*** RECORDS PROVIDED ***
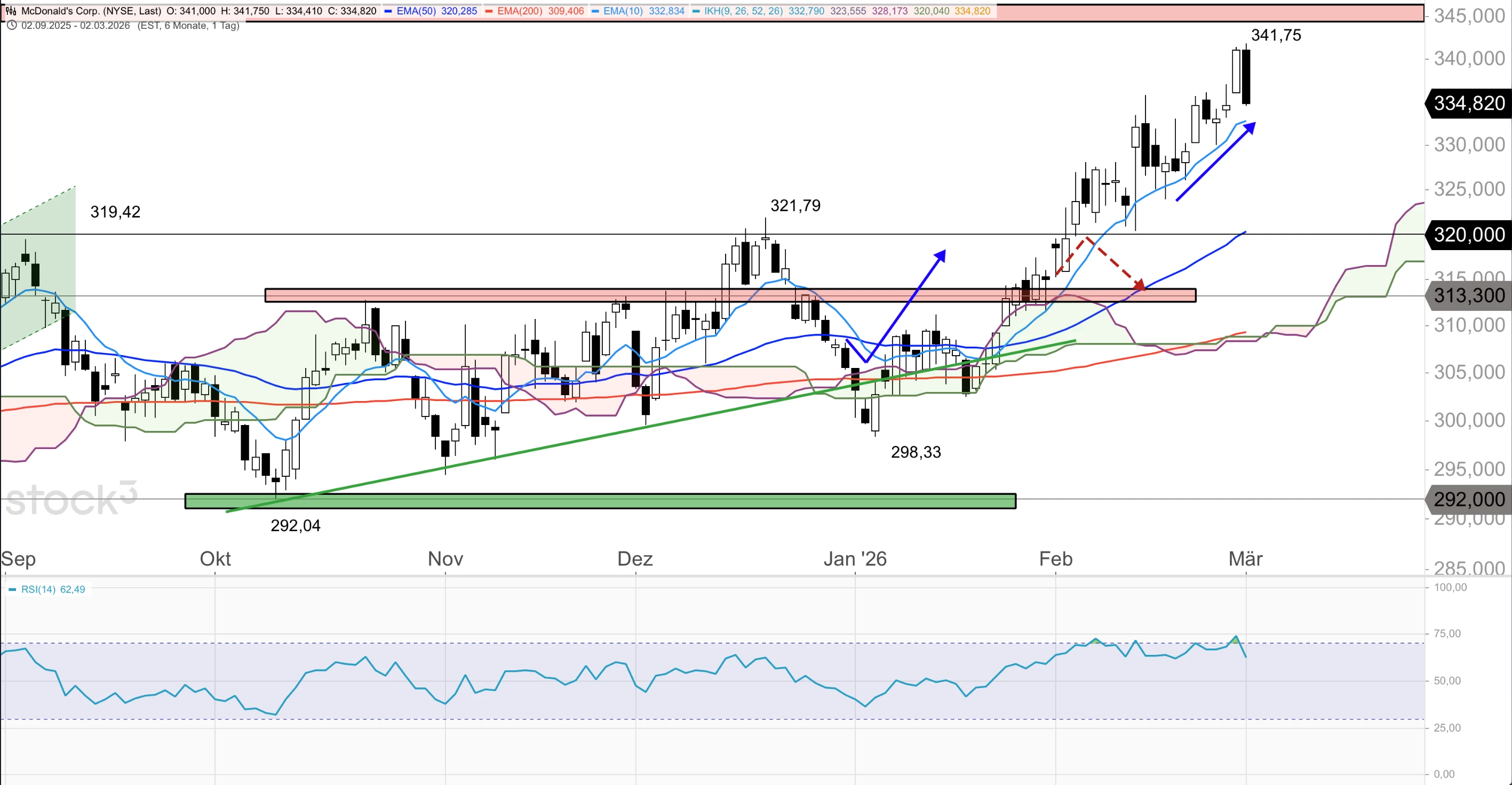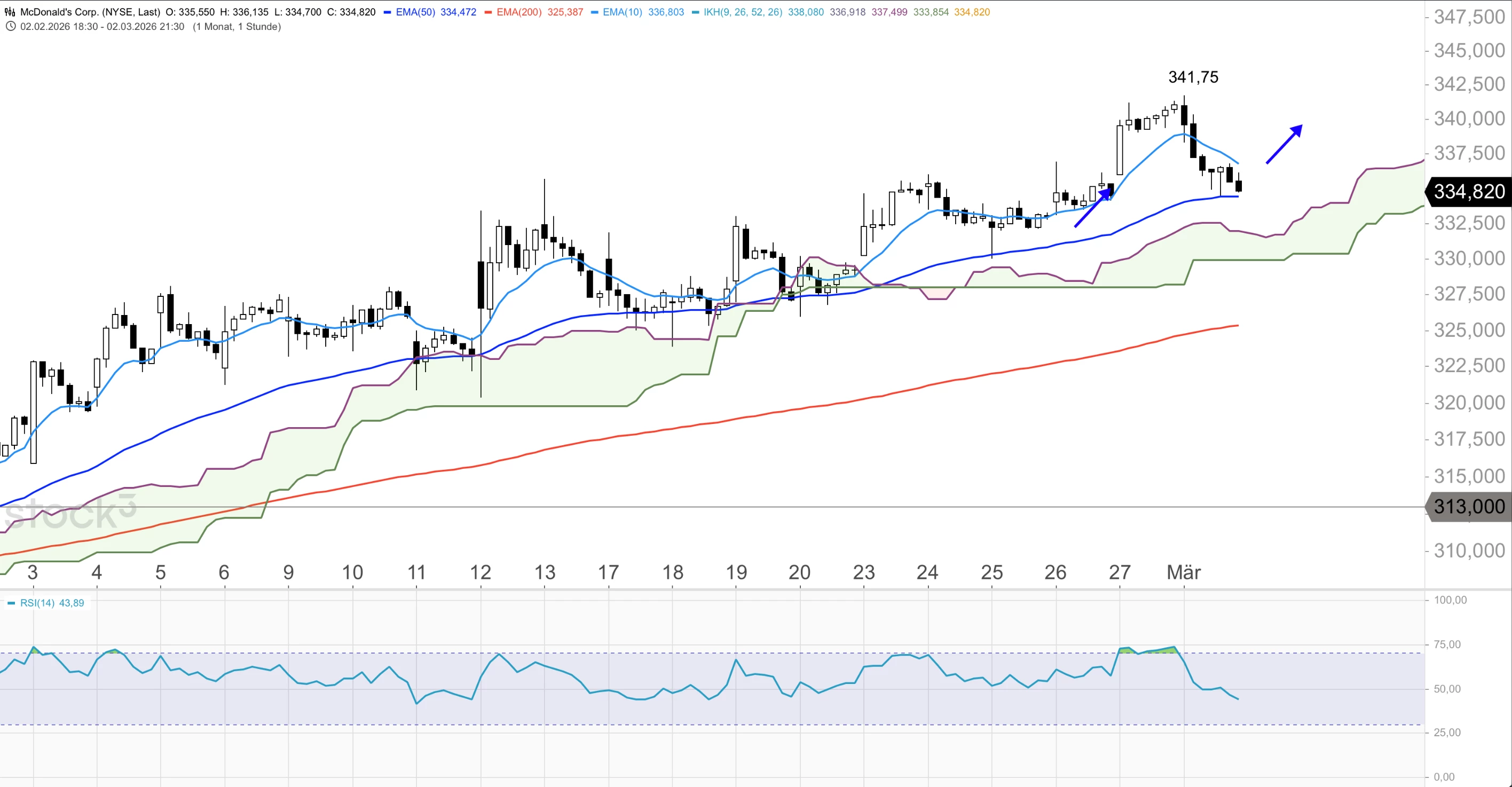 Die McDonald's-Aktie notiert im Tageschart oberhalb der Ichimoku-Wolke und über allen wichtigen gleitenden Durchschnitten und zeigt damit weiter klar Stärke. Im Stundenchart ist der Titel jedoch unter den 10er-EMA bei 336,80 USD zurückgefallen und könnte am 50er-EMA bei 334,47 USD Halt suchen. Gelingt dem Titel der erneute Anstieg über 336,80 USD, ist ein neuer Anlauf auf das Verlaufshoch bei 341,75 USD und zum Widerstand um 345 USD wahrscheinlich. Auf der Unterseite bietet der Bereich um 332,00 USD Halt, darunter die Zone um 325,00 USD.
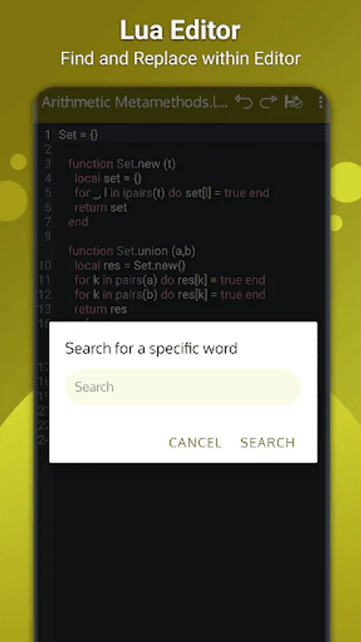 As a lua developer, you need a lua file opener that can read and edit any file you want. This is the solution for you. With an undo and redo option, it helps you go back and forth in your programming process. . Lua file reader also support find and replace operation with which you can easily find any word and replace it with another word. With lua editor you can easily go to any line number within editor, change editor text size etc.
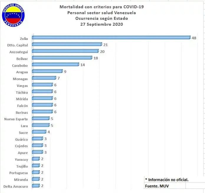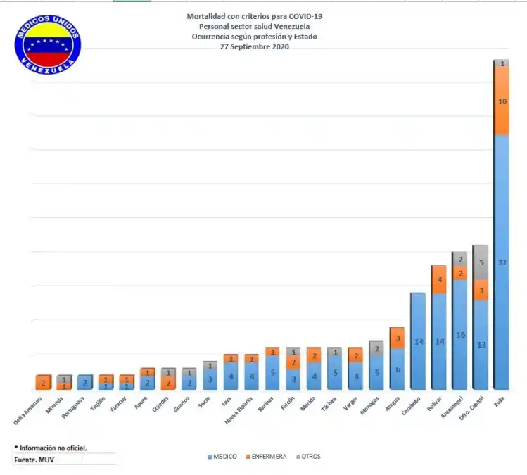 En 24 horas, la ONG Médicos Unidos por Venezuela informó de 5 muertes del personal de salud, cuatro médicos y una enfermera
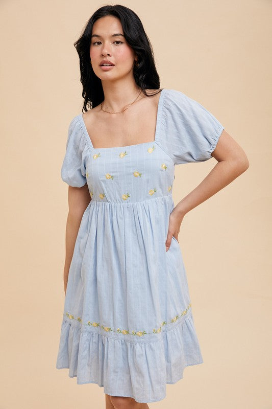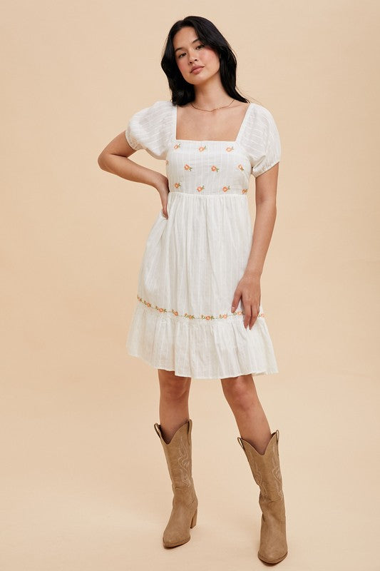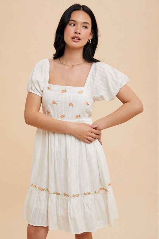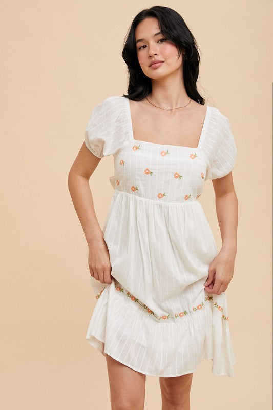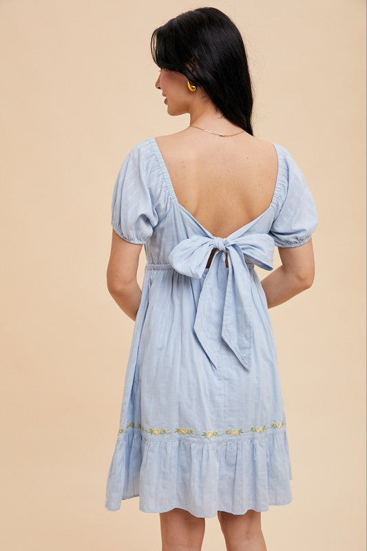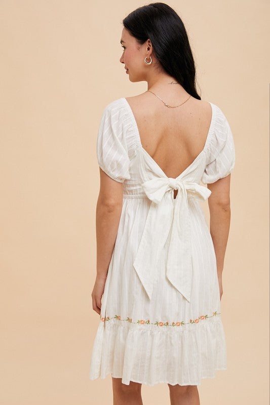 FLORAL EMBROIDERED SQUARE NECK MIDI DRESS FEATURES OPEN BACK WITH BOW CLOSURE, INVISIBLE BACK ZIPPER, AND FULL LINING.
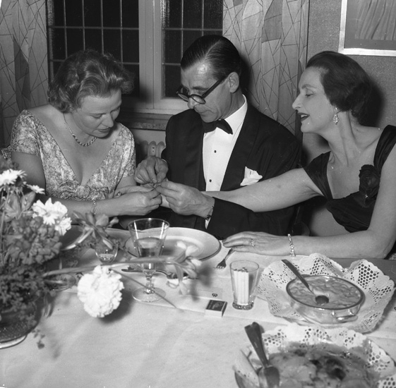 Sjösättningsmiddag för fartyget 161 M/T Maridal. Fartygets gudmor får sitt smycke.
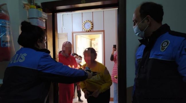 Kayseri'de polis ekipleri, down sendromlu Neriman Canpolat'a sürpriz yaparak doğum gününü evlerinin önünde kesikleri pastayla kutladı.
*** End of RECORDS PROVIDED ***
ACTIVITY -
Give again exactly the lines from the one holding "FLORAL EMBROIDERED SQUARE" to the final line of the records, both ends included, and nothing more. Pictures do not belong in the copy.

SOLVED EXERCISE -
 FLORAL EMBROIDERED SQUARE NECK MIDI DRESS FEATURES OPEN BACK WITH BOW CLOSURE, INVISIBLE BACK ZIPPER, AND FULL LINING.
 Sjösättningsmiddag för fartyget 161 M/T Maridal. Fartygets gudmor får sitt smycke.
 Kayseri'de polis ekipleri, down sendromlu Neriman Canpolat'a sürpriz yaparak doğum gününü evlerinin önünde kesikleri pastayla kutladı.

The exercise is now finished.